Supplied material:
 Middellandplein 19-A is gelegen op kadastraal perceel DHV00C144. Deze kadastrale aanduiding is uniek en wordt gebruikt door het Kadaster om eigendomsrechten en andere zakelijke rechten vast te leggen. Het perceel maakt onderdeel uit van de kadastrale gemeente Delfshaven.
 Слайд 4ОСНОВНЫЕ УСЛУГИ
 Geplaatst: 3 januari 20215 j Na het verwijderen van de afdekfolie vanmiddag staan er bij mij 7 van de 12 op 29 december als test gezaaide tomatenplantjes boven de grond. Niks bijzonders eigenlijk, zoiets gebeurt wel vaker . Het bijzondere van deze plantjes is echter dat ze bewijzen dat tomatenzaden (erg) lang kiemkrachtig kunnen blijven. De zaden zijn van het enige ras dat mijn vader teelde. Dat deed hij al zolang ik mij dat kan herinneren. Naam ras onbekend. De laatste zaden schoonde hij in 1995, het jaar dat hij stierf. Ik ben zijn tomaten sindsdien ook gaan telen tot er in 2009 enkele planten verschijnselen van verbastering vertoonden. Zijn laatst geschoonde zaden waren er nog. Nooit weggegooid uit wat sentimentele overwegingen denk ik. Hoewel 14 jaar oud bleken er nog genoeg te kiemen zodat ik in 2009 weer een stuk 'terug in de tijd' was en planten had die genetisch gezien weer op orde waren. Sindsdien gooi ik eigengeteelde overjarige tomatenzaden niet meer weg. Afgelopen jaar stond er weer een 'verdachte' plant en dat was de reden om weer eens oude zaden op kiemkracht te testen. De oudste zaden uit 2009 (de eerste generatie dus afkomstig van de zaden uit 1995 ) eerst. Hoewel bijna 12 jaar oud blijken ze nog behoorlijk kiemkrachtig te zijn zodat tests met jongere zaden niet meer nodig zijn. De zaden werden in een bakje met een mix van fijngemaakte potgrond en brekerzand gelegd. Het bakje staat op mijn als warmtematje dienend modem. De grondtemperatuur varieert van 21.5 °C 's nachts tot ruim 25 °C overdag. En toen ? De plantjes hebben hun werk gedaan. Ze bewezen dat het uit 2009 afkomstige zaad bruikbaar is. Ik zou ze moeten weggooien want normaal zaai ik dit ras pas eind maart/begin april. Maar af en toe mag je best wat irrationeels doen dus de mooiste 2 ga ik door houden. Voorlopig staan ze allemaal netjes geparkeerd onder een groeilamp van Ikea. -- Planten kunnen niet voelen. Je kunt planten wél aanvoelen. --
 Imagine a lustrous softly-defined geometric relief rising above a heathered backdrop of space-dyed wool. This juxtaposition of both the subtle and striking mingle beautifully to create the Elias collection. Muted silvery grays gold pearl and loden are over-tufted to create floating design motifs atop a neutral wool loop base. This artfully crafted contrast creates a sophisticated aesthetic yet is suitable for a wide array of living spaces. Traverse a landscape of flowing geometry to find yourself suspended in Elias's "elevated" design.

The task:
Prepare a faithful transcription of the material above, with nothing altered.

Solution for this exercise:
 Middellandplein 19-A is gelegen op kadastraal perceel DHV00C144. Deze kadastrale aanduiding is uniek en wordt gebruikt door het Kadaster om eigendomsrechten en andere zakelijke rechten vast te leggen. Het perceel maakt onderdeel uit van de kadastrale gemeente Delfshaven.
 Слайд 4ОСНОВНЫЕ УСЛУГИ
 Geplaatst: 3 januari 20215 j Na het verwijderen van de afdekfolie vanmiddag staan er bij mij 7 van de 12 op 29 december als test gezaaide tomatenplantjes boven de grond. Niks bijzonders eigenlijk, zoiets gebeurt wel vaker . Het bijzondere van deze plantjes is echter dat ze bewijzen dat tomatenzaden (erg) lang kiemkrachtig kunnen blijven. De zaden zijn van het enige ras dat mijn vader teelde. Dat deed hij al zolang ik mij dat kan herinneren. Naam ras onbekend. De laatste zaden schoonde hij in 1995, het jaar dat hij stierf. Ik ben zijn tomaten sindsdien ook gaan telen tot er in 2009 enkele planten verschijnselen van verbastering vertoonden. Zijn laatst geschoonde zaden waren er nog. Nooit weggegooid uit wat sentimentele overwegingen denk ik. Hoewel 14 jaar oud bleken er nog genoeg te kiemen zodat ik in 2009 weer een stuk 'terug in de tijd' was en planten had die genetisch gezien weer op orde waren. Sindsdien gooi ik eigengeteelde overjarige tomatenzaden niet meer weg. Afgelopen jaar stond er weer een 'verdachte' plant en dat was de reden om weer eens oude zaden op kiemkracht te testen. De oudste zaden uit 2009 (de eerste generatie dus afkomstig van de zaden uit 1995 ) eerst. Hoewel bijna 12 jaar oud blijken ze nog behoorlijk kiemkrachtig te zijn zodat tests met jongere zaden niet meer nodig zijn. De zaden werden in een bakje met een mix van fijngemaakte potgrond en brekerzand gelegd. Het bakje staat op mijn als warmtematje dienend modem. De grondtemperatuur varieert van 21.5 °C 's nachts tot ruim 25 °C overdag. En toen ? De plantjes hebben hun werk gedaan. Ze bewezen dat het uit 2009 afkomstige zaad bruikbaar is. Ik zou ze moeten weggooien want normaal zaai ik dit ras pas eind maart/begin april. Maar af en toe mag je best wat irrationeels doen dus de mooiste 2 ga ik door houden. Voorlopig staan ze allemaal netjes geparkeerd onder een groeilamp van Ikea. -- Planten kunnen niet voelen. Je kunt planten wél aanvoelen. --
 Imagine a lustrous softly-defined geometric relief rising above a heathered backdrop of space-dyed wool. This juxtaposition of both the subtle and striking mingle beautifully to create the Elias collection. Muted silvery grays gold pearl and loden are over-tufted to create floating design motifs atop a neutral wool loop base. This artfully crafted contrast creates a sophisticated aesthetic yet is suitable for a wide array of living spaces. Traverse a landscape of flowing geometry to find yourself suspended in Elias's "elevated" design.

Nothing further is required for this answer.